Guy who runs third grade basketball program: “Do you have a son in the third grade?”

Me: “Yes.”

GWRTGBP: “Have you ever been convicted of a felony?”

Me: “No.”

GWRTGBP: “Practice starts Saturday; pick up your uniforms and whistle at the front door.”

With that settled, and still giddy in the knowledge that I had survived the grueling vetting process, I drove home thinking about how to structure our practices.

If you’re not familiar with basketball as played by 8-years-olds, I can tell you first hand that it has a tendency not to resemble the real thing. The problem, I discovered, is that the ball itself holds so much fascination, that the kids do nothing but chase after it, each hoping to get his hands on the magical orb.

As a practical matter therefore, the 8-year-old game involves little real teamwork, and instead, leaves onlookers with the vague impression that they’ve happened upon a contentious, five-way custody battle among competing relatives.

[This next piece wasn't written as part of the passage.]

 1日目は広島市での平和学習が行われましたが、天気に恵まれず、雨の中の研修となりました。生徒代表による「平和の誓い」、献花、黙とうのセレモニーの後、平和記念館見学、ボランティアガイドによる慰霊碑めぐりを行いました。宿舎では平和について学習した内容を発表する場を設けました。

Luckily, however, I came up with what turned out to be a pretty good idea: I told the kids that they were not allowed to dribble (bounce) the ball. Five on five, full court basketball, and the only way you could advance the ball was to pass it to someone else.

This had a number of immediate, positive effects:

  1. The kids became aware of the other players. If you’re going to pass, you need to see where your teammates are, so they all started picking their heads up and looking around.
  1. The kids spread out on the court. Knowing that once you got the ball you’d be frozen in place, there was no point in running over to the kid with possession. Instead, positioning yourself to receive a pass became the best strategy.
  1. The kids worked together. With dribbling off the table, even the best player on the team couldn’t do much by himself. Teamwork became a necessity.

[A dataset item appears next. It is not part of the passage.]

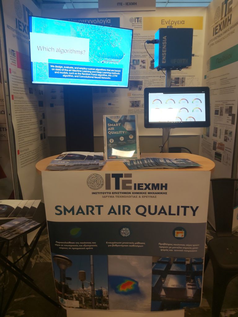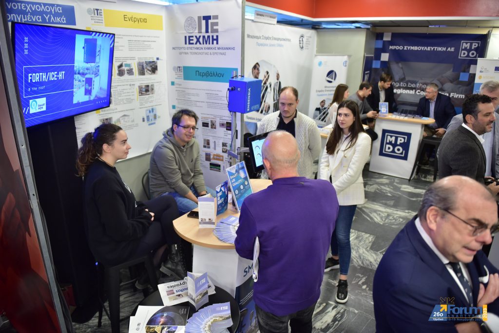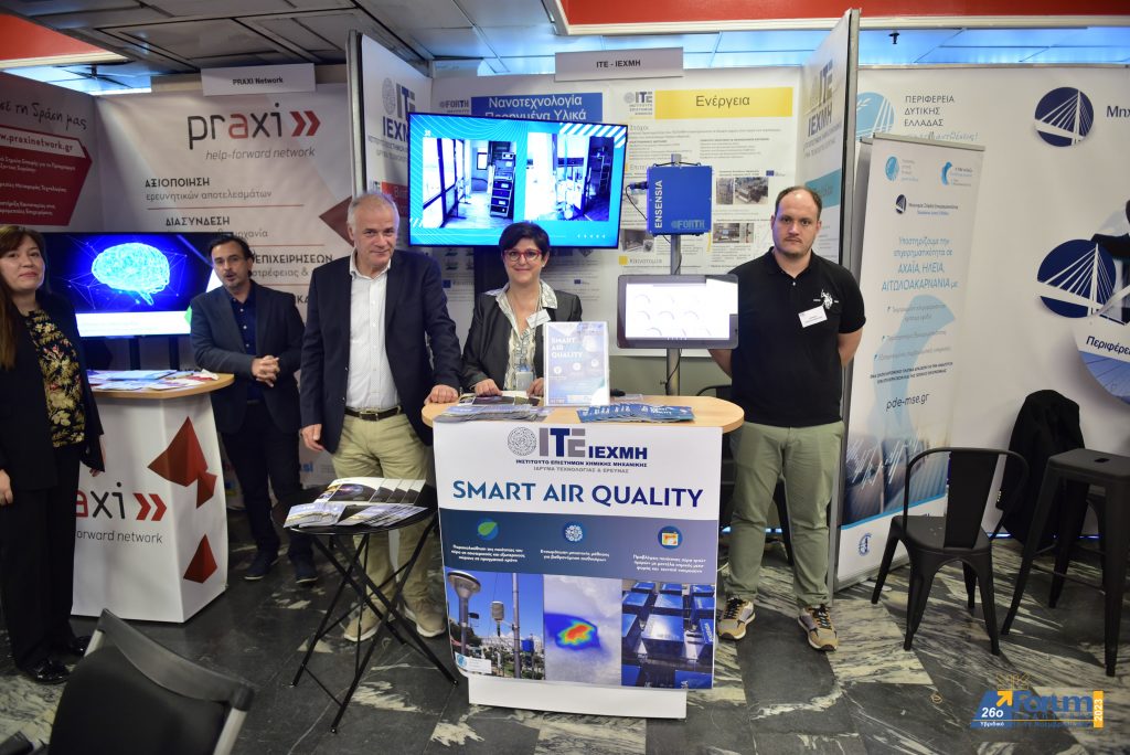 FORTH/ICE-HT participated with an exhibition booth in the 26th Development Forum, which took place on November 18-19, 2023, at the “Astir” Hotel in Patras. The institute participated with the exhibit “ENSENSIA: Air Quality Monitoring Station by FORTH/ICEHT“, which is an Intelligent System for Air Quality Monitoring and Forecasting (SmartAQ), both for outdoor and indoor applications. It measures and predicts concentrations of pollutants in gaseous phase (NO2, NO, SO2, CO, O3, VOCs, etc.) and air pollutants in particulate phase (PM2.5), as well as their chemical composition.

You’ll be pleased to know that the story has a happy ending. After six weeks of practice, we played our two-game season last Saturday. We won comfortably in both instances, largely because the kids on our team succeeded in moving the ball around so well. (Oh yeah, and because I slipped $20 to the referee at halftime, but I’m not proud of that.)

“So what,” you say? Hang on, there is a newsletter connection.

In the game of newsletters, the “ball” (i.e. the fascinating thing responsible for endless distraction) is design. People get so excited about how things are going to look that they tend to forget about the content. Here too, this often leads to an end product that is painful to watch.

That’s why – and regardless of how long the newsletter in question has been in existence – we make sure to separate the writing process from the design and layout process. The procedure is always the same:

  1. Write the newsletter and all of its ancillary sections in a single MS Word (or whatever) document.
  1. Make changes, edits, etc. to the document until you’re pretty much satisfied with the final product.
  1. Then (and only then) drop the content into the design.

Bottom Line: It’s fine to make tweaks and small text adjustments within the final design. That said, if you try to edit – or God forbid, write – from in there, you’re likely to be so distracted by appearances that you’ll end up with inferior content.

Instead, I recommend first shaping the content to your satisfaction, and then, marrying it with your well done design. Don’t make me blow my whistle at you.